You are unique, your digestive system is unique, your food preferences are unique, your constitution, in combination with ethnic provenance and health history, is unique.
It's ok to critically read books on diet trends (paleo, ketogenic, vegan, vegetarian, flexitarian, ethnic), or on nutrition, in order to become informed on the state of our food and its profound influence on our wellbeing. But then you need to test these theories mindfully on your own body to understand what agrees with you and what doesn't, what aggravates certain conditions or alleviates them, what gives you energy, what regulates your weight, what helps you heal. The one exception I'll take is refined sugar. It's not good for anybody. Period.
We like to simplify and standardize, but imagine what would happen if some diet fundamentalist prescribed the same diet for all seven billion people on this planet? Digestive systems have adapted over hundreds and thousands of years to what is available geographically. Prescribe a vegetarian diet to an Inuit, or an Inuit diet to a Hindu - ok, these are extreme analogies - and they would likely become ill.

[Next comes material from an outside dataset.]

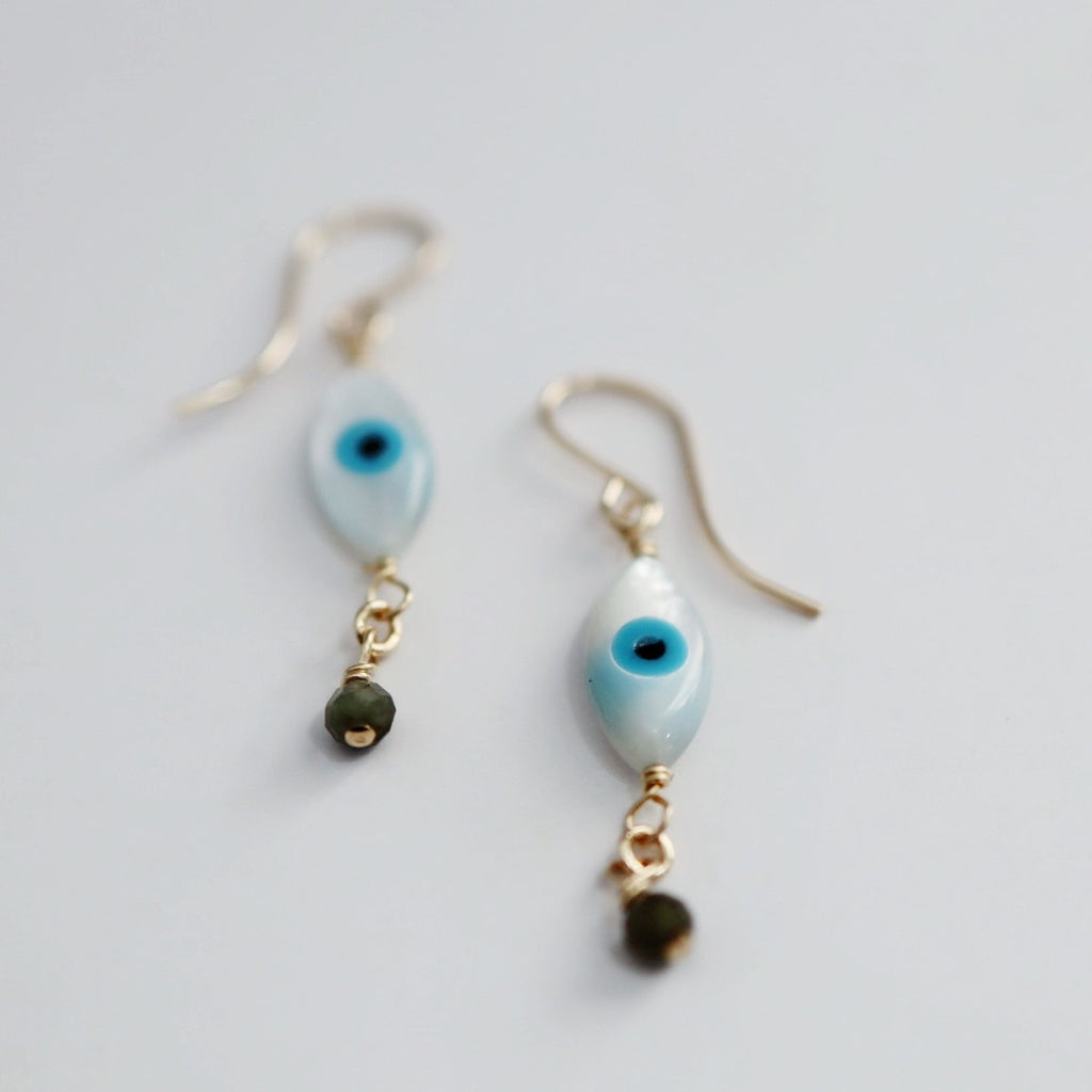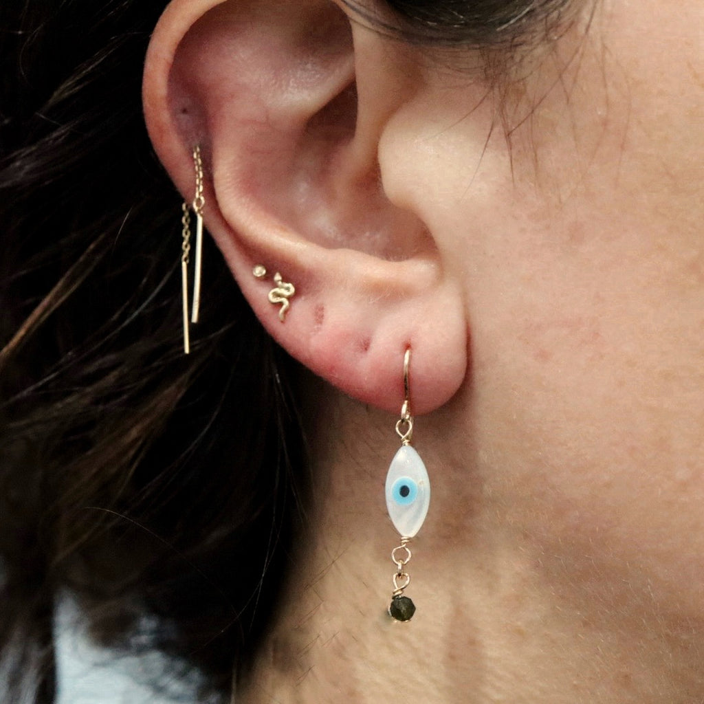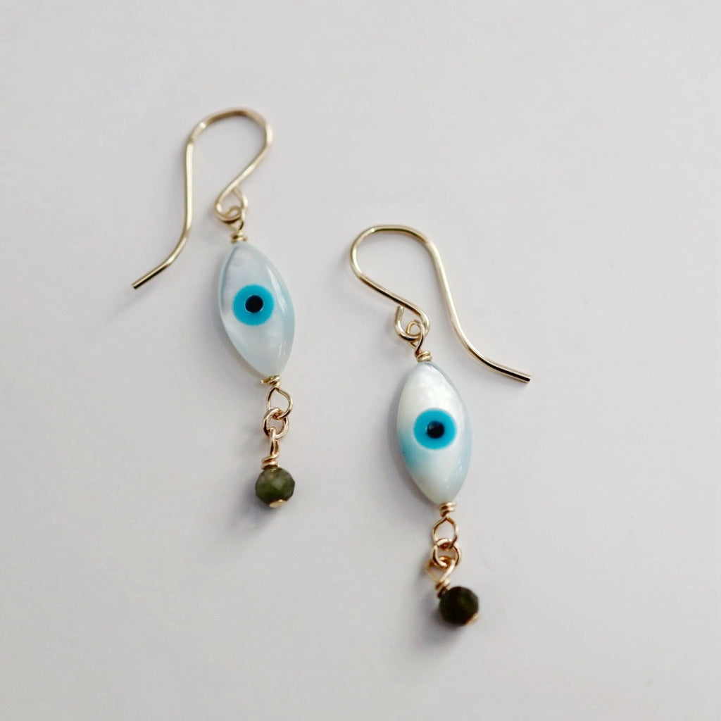 All seeing eye and Green Tourmaline Earrings in 14 Karat Gold Fill / READY TO SHIP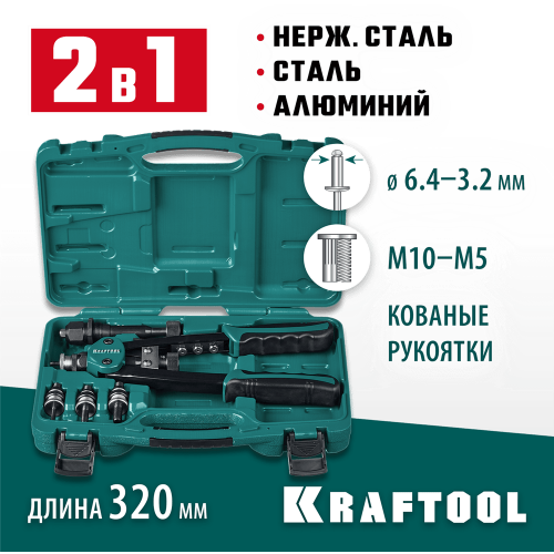 Комбинированный двуручный заклепочник KRAFTOOL - максимально компактный и надежный инструмент, который с легкостью выдерживает высокие нагрузки и предназначен для установки резьбовых и вытяжных заклепок из алюминия, стали и нержавеющей стали.

So, take all you read, all that people say, with a grain of salt - then see what really applies to your own condition and constitution. Although I had already cut out a lot of grain from my diet (and lost quite a bit of weight in the process) I am currently trying this gluten-free thing. I'm really not convinced this is necessary for me - we'll see, hoping to prove myself wrong. No diet applies to all - which one is the right one for you?